↓

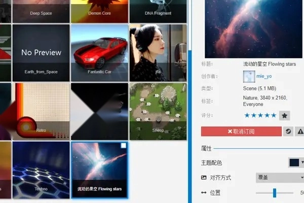 支持视频、GIF 和交互式 2D/3D 场景作为壁纸。
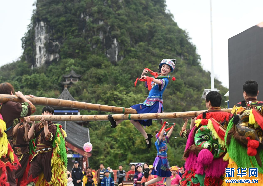 在体育中心,一场别开生面的“同心圆”集体舞蹈激情上演。在被称为“仫佬族橄榄球”的抢竹球比赛中,球员们通过牵扯绸带施展技巧,运用拉、抢、护、传、投等方式展开激烈争夺。“我觉得这个比赛非常好玩,之前从来没参加过。我还投进了一次球,下次一定要推荐朋友来。”外国博主亚历克斯兴奋地说。
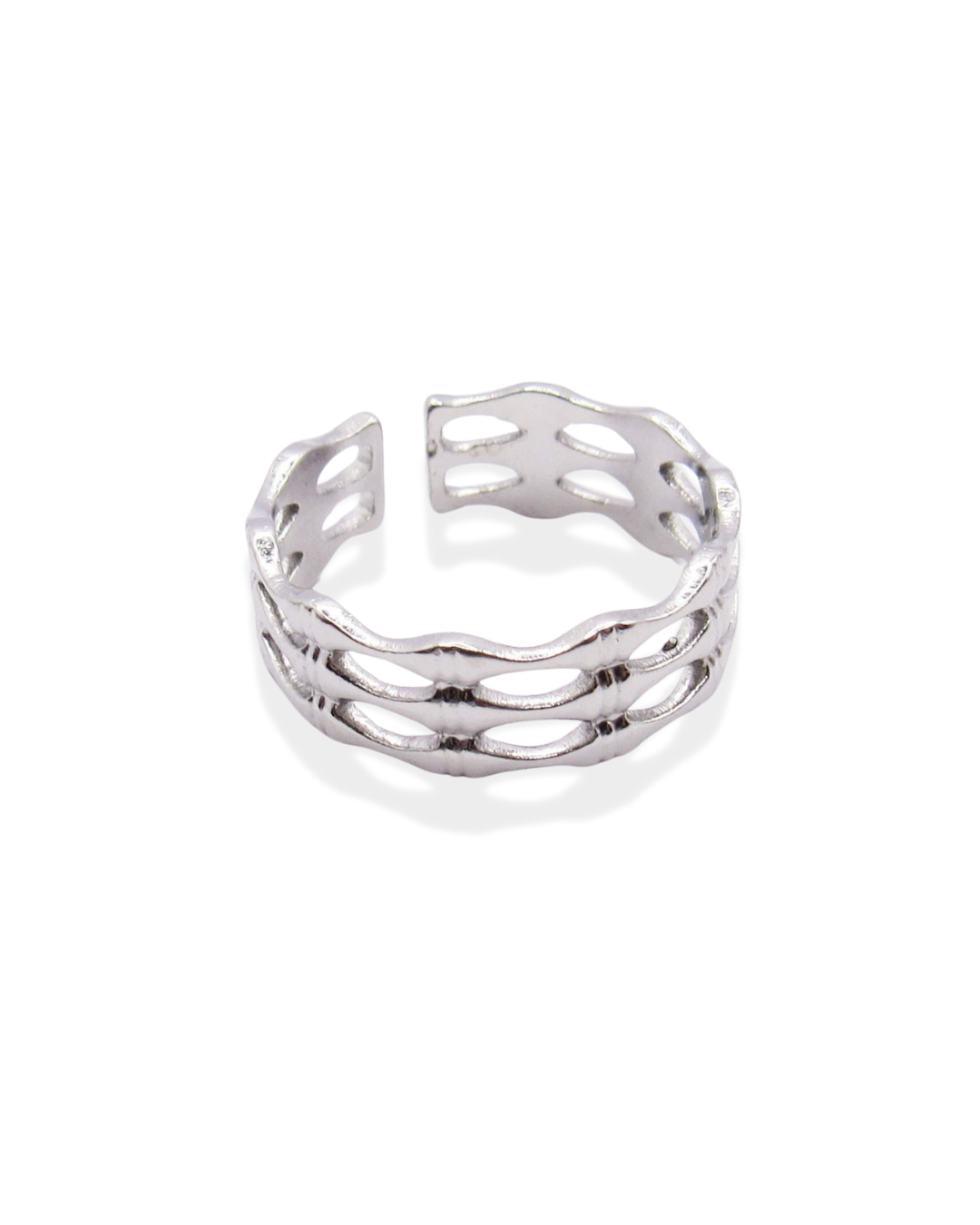 xThis bamboo-style ring is crafted from high-quality stainless steel with 18k gold plating, available in both silver and gold finishes. The layered, open band design is fully adjustable — a lightweight, durable piece made to grow with you.
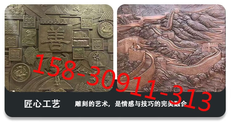 Forged copper relief customization factory pure brass copper plate engraving painting traditional Chinese medicine hospital campus cultural background wall decoration mural customization of forged copper Great Wall theme relief one
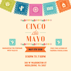 Celebrate Cinco de Mayo at the Middleburg Community Center on Tuesday, May 5, 2026, from 5:30-7:30 PM. Enjoy a festive evening of delicious, complimentary food by Taqueria Guadalajara, along with margaritas, beer, and wine available for purchase. Gather with friends and neighbors for a lively and welcoming celebration in the heart of Middleburg, perfect for a fun night out!
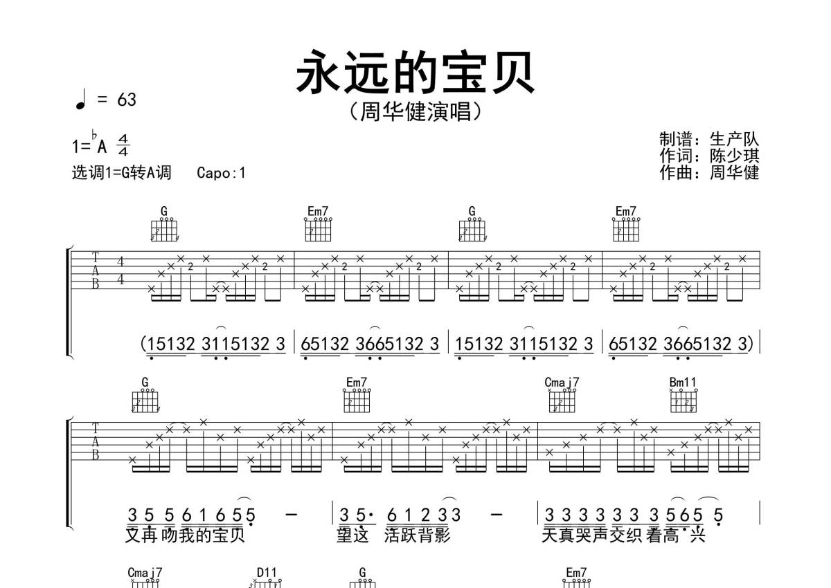 《永远的宝贝》是周华健演唱的一首歌曲,精编完美版,拍号为4/4拍,歌曲速度为每分钟63拍,歌曲原调为Ab调,但由于原调指法比较难,为了方便弹奏,本吉他谱采用的是G调指法编配,变调夹1品弹奏即为原调,当然也可以根据自己的音域改变变调夹位置,或者通过改变和弦调性,以方便自己弹奏,这份吉他谱共有三张高清图谱,图谱由 @生产队 编配上传,图谱使用六线谱编配,包含吉他和弦指法、简谱以及歌词部分,使用这份永远的宝贝吉他谱,可以让你更加方便地掌握这首歌曲的弹唱技巧,快来尝试吧。《永远的宝贝》是由陈少琪作词,周华健演唱的一首歌,收录于专辑《有弦相聚》中。本吉他谱根据原版G调转A调指法编配,完整的前奏、间奏、尾奏编配,怀旧经典!。

↑

**Required action**: The lines to copy exactly start with the line above that has "xThis bamboo-style ring" and go on through the line that has "Forged copper relief"; please include both, add nothing else, and omit the pictures.

**Result of this task**:
 xThis bamboo-style ring is crafted from high-quality stainless steel with 18k gold plating, available in both silver and gold finishes. The layered, open band design is fully adjustable — a lightweight, durable piece made to grow with you.
 Forged copper relief customization factory pure brass copper plate engraving painting traditional Chinese medicine hospital campus cultural background wall decoration mural customization of forged copper Great Wall theme relief one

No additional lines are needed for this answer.